COLUMN #117 天命反転 MIDORI.so

Topic: ColumnWritten by Reigo Tanaka
2023/12/8
117

4年ぶりに三鷹天命反転住宅にやってきた。ここは、芸術家/建築家の荒川修作+マドリン・ギンズによる、世界で最初に完成した「死なないための住宅」である。


入った瞬間から、身体がただごとではないことを感じる。地面はボコボコし、平らではない。壁は曲がり、部屋は円形であり、明かりをつけるのにも、背筋と手をかなり伸ばす。パッと開こうが、ゆっくり開こうが、いつでも14の鮮やかな色たちが目に入ってくる。声は反響し、自分より遅れてやってくる。
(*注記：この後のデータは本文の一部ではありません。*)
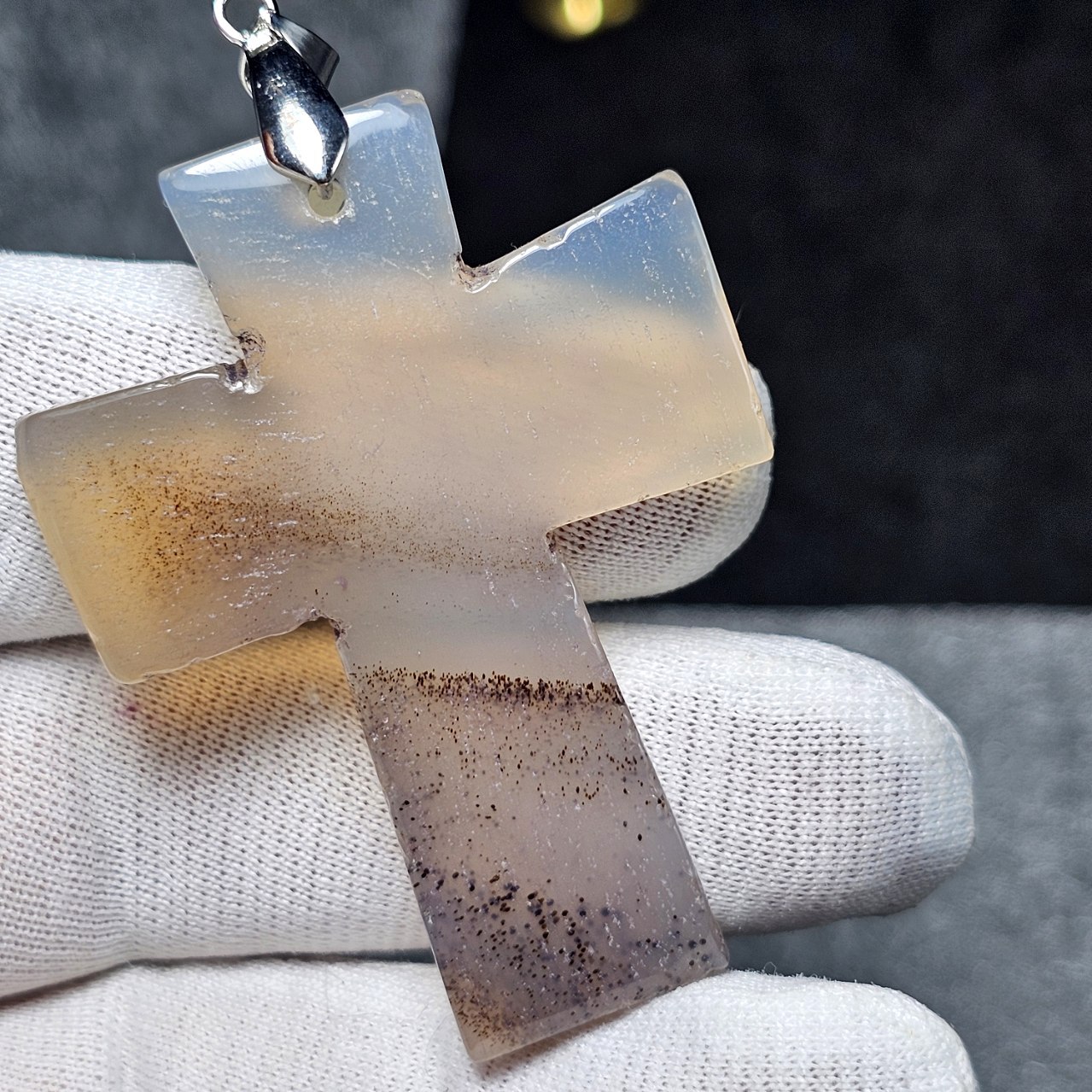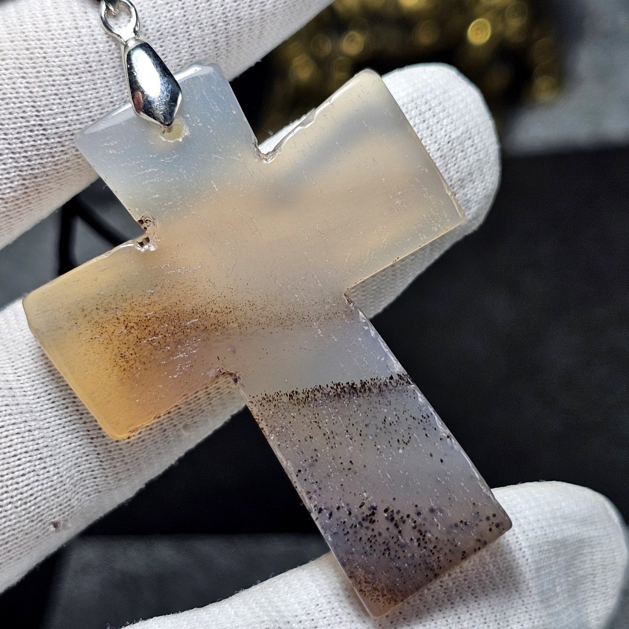 آویز گردنبند درشت سنگ عقیق شن دار معدنی
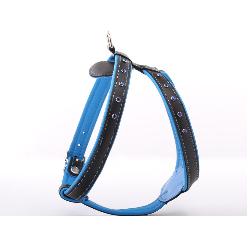 Este arnés para perro de cuero genuino está decorado con remaches de diamantes. Está hecho de cuero de alta calidad con una capa suave de acolchado para evitar rozaduras y está equipado con herrajes cromados duraderos. Agregue una placa de identificación personalizada y una correa a juego para crear un conjunto llamativo.
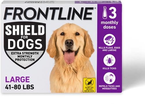 - Frontline Shield Flea & Tick Treatment for Extra Large Dogs, 81 - 120 lbs, 3 doses (3-Month Protection)$52.48 Chewy Price$59.99 List Price$49.86 Autoship PricePromo, New Customers Only: Spend $49+, Get $20 eGift Card +1 deal
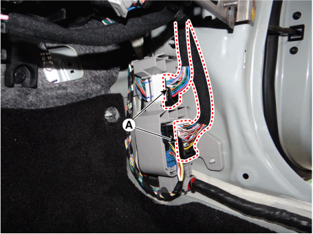 Отсоедините разъем (А) модуля управления подушками безопасности (SRSCM).
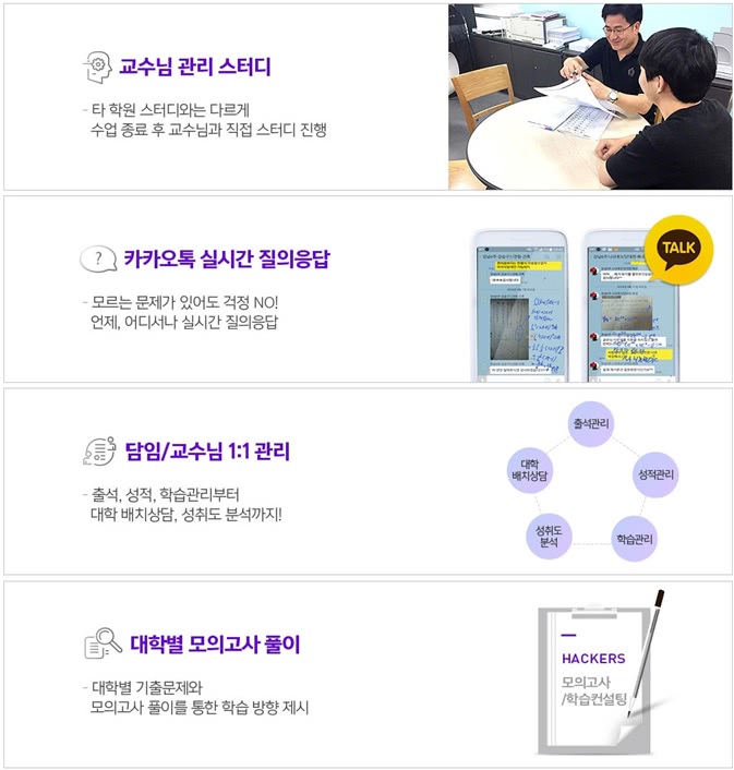 수강생 1인 : 교수님 1인 + 해커스편입 합격생 출신 조교 2명 관리

「人間は死なないんだ」と語った肝心の荒川修作も、2010年に亡くなってしまったし、「死なない」ということが何を指すのか、その明確な答えが用意されているわけではない。ただ少なくとも「このままいけば死なないのでは?」と疑う気持ちになるほど、刹那に立ち上がる新しい自分に気づいてはその度に驚いている。


この住宅にいると、マレーシアボルネオ島の森の中に暮らす狩猟採集民プナンを思い出す。私が彼らと暮らしたときも、違和感の連続でこれまでとは全く異なる自分が立ち上がる感覚がしたのを覚えている。裸足で森の中を歩き回るその足の裏の感触、寝っ転がると小屋の丸い木があたりじわじわとくる背中の痛み、プナンの優しさと鋭さを持ち合わすなんともいえない目線、それら全てが暫定的な新しい自分を生成していったような気がした。


私がMIDORI.soを通して、やりたいことは次の2つである。


実際に死なない場をつくる。多様な人が相互に助け合える関係性があり、最悪、困ったらこうしたらいいや、という選択肢が常にある状態にする。食が中心にあり、そう簡単には死ねないようにする。

「死なないのでは?」と思うくらい、日々新しい自分が生成される場にする。そのために、細かい日常生活レベルで、身体感覚レベルで、違和感が常に連続するようにする。


「死なない」と言うことほど、馬鹿げていることはないのかもしれない。でもその一方で、これほど前向きな営みはないとも思う。「天命反転 MIDORI.so」死ぬ前にこの死なないシェアオフィス構想を実現したい。